Three Digital Trends Reshaping the Media Industry

Millenial man using his smart deviceIn this article, we will be looking at the key technological, ecosystem and consumer trends that are influencing digital innovation in the media industry today.

1. Demographics

As the world’s global middle class continues to grow (from 1.8 billion in 2009 to approximately 4.9 billion by 2030), demand for newer media services concentrating on education, convenience, video-on-demand and premium content will also grow, especially in developing economies. In the meantime, the rise of millennials (people born between 1981 and 1997) has created a massive demand for technology services providing memorable experiences, convenience and immediate access to content. Nevertheless, the global populous is aging, resulting in increased demand for health and wellness, education and entertainment services specially made for older folk. Lastly, urbanisation will play a role in the increased demand for media offerings as people’s busy schedules and commutes will have to be accounted for.

2. New Consumer Expectations and Behaviours

These demographic changes are having a drastic effect on what consumers want from media, the medium they consume it through and on their acumen and familiarity in traversing the digital landscape.

Changing consumer behaviours and expectations. Younger generations consume content from all over the world. Their expectations are built around instant satisfaction, particularly the ability to access information right away or streamline their experiences through mobile device management solutions. Furthermore, as the line between industries blur, consumers these days don’t judge their service experience against competitors in the same industry, but against the best services offered from other sectors.

Propaganda, advertising and editorial content. Consumers have become increasingly adept at identifying PR spin or marketing masquerading as editorial content. With a large number of Internet users turning to ad-blocking software, advertisers are changing strategies and looking to involve consumers via storytelling and delivering relevant information (brand utility).

Delightful experiences and content curation. Consumers value having somebody to curate content on their behalf, akin to what an editor would do with a conventional magazine. Native marketing platforms and clean mobile reading experiences are getting savvy and new audiences, improving user experience and enabling publishers to charge marketers a premium.

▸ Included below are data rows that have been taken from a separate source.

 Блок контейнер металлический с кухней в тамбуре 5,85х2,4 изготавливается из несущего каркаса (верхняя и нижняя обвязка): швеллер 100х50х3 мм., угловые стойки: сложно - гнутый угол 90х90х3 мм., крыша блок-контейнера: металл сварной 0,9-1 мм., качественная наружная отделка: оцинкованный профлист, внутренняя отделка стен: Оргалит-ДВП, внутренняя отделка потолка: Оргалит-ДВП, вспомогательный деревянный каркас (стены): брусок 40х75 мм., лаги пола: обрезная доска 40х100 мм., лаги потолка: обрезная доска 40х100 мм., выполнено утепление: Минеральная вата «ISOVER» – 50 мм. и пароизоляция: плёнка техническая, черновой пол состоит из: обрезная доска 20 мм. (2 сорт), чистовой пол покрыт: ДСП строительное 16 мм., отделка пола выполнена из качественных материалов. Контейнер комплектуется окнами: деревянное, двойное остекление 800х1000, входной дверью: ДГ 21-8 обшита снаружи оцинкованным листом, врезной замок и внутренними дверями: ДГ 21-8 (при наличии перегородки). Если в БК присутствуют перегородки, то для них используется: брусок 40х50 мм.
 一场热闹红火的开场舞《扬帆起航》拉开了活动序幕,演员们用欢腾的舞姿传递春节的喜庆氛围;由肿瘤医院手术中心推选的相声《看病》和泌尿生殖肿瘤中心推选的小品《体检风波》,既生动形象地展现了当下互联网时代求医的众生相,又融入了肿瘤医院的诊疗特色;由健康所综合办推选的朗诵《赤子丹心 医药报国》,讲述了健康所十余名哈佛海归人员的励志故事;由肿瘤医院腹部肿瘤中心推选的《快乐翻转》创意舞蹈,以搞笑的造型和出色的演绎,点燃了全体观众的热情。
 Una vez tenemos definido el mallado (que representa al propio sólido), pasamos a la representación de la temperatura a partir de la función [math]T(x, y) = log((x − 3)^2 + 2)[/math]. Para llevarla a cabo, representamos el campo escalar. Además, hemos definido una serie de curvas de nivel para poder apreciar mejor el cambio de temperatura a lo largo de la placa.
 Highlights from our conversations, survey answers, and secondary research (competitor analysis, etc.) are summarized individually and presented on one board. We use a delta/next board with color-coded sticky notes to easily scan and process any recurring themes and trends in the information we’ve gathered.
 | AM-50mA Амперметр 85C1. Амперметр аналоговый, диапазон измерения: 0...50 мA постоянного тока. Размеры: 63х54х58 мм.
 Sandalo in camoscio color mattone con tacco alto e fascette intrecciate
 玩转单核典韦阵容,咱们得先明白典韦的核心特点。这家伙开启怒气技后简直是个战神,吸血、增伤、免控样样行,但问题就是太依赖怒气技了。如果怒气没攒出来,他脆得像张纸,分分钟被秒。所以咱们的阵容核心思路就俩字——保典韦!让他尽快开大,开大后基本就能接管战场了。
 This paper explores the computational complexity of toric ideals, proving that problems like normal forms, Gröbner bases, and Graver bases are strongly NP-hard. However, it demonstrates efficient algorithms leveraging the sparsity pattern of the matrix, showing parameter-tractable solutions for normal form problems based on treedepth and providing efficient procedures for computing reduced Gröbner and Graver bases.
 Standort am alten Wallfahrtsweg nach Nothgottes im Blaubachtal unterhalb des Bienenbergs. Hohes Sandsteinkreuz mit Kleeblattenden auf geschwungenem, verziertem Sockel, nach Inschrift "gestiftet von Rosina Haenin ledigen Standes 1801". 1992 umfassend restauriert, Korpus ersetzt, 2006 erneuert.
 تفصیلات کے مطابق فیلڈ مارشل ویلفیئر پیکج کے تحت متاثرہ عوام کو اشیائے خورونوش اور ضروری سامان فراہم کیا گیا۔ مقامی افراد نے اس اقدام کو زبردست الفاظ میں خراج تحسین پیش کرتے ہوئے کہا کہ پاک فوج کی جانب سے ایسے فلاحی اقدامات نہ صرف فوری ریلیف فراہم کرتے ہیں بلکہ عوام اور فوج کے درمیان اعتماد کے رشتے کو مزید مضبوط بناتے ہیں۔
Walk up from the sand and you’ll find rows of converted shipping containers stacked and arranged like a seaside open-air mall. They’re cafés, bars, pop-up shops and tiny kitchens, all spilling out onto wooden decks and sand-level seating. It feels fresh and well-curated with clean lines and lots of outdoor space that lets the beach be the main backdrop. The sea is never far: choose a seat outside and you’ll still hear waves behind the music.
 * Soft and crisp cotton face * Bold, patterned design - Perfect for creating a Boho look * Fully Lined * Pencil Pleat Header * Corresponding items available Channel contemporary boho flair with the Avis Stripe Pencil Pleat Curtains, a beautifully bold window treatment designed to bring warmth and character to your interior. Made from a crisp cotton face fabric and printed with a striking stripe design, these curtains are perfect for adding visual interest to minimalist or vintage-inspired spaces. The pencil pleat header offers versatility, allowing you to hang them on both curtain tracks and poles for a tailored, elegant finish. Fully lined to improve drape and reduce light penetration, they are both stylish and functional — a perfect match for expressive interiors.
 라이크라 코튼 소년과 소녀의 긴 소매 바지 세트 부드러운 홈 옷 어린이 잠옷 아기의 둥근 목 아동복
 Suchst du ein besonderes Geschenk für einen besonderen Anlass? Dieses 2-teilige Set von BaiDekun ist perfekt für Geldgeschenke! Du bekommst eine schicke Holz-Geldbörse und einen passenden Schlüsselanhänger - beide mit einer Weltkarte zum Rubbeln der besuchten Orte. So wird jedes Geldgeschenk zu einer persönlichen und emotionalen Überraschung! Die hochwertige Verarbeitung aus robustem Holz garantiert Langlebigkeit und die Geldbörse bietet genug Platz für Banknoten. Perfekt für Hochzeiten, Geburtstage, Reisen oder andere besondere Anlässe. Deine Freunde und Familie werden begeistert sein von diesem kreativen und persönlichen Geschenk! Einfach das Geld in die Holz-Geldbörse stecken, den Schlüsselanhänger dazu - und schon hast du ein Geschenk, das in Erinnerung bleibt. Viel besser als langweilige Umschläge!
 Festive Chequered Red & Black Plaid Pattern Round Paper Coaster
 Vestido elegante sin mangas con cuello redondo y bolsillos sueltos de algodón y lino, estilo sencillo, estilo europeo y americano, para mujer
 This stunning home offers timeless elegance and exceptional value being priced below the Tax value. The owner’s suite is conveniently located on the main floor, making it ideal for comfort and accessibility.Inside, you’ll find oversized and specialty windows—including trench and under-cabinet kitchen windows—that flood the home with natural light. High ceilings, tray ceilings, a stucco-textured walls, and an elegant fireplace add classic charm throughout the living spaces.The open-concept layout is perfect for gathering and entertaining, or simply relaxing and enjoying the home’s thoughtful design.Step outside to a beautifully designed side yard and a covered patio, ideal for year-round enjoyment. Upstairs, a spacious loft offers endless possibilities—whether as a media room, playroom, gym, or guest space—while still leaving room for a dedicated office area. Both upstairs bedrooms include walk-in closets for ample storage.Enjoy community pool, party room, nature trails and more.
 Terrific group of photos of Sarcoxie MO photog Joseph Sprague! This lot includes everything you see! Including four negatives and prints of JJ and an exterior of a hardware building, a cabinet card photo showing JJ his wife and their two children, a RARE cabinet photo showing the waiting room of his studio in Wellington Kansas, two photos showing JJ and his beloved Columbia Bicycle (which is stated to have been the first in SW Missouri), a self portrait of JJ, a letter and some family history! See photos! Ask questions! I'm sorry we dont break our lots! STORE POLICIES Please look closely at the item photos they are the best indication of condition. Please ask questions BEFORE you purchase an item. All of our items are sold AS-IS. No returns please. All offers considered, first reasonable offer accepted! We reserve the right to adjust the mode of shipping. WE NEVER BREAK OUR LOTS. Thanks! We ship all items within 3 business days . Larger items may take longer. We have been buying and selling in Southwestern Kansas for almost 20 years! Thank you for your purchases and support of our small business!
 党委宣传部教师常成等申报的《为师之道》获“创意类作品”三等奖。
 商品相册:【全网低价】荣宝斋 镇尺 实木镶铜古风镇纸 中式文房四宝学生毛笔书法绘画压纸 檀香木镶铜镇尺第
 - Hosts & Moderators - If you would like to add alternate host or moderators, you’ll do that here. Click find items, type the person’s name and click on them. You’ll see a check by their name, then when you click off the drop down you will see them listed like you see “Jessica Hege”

Trust, privacy and security. Consumers have become increasingly aware of how their daily lives are being converted into data that is analysed and monetised by third parties. Complicated and opaque privacy policies and bespoke algorithms may necessitate consumers to change to services that provide them with better data privacy and transparency.

3. Ecosystem challenges

As the media sector acclimatises to the ever-evolving habits of its client base, we have witnessed a variety of changes to the media landscape.

Startup disruptions. A ‘change the world’ attitude, technology accessibility and talent are enabling startups to blossom all around the world, creating lean models and new businesses. When this breed of the company scales, it capitalises on providing new services and increasing the quality of its content, applying competitive pressure on conventional media companies. These days, everyone is a content creator. A wide range of organisations and brands today assume the part of broadcasters as they compete for client attention (for example, Intel and Unilever through their collaboration with Vice Media).

Access to financial resources. Creative individuals are finding new methods to finance new products and services. Content creators are circumventing conventional media companies and turning their focus on innovative sources of funding like crowdfunding platforms. The revolution of the workplace. Digital transformation is sure to have a massive impact on employment, create demand for highly skilled digital tasks while making some jobs redundant. As the global workforce acclimatises to the digital economy, there will be a need for lifelong learning to keep up with the ever-changing technological world.

Regulatory uncertainty. Legal structures around intellectual property aren’t equipped to deal with a new generation of media consumers expecting immediate access to content from anywhere. Consequently, a lot of consumers are opting to circumvent traditional methods of accessing content (for instance, using VPN services to access US Netflix while in the UK).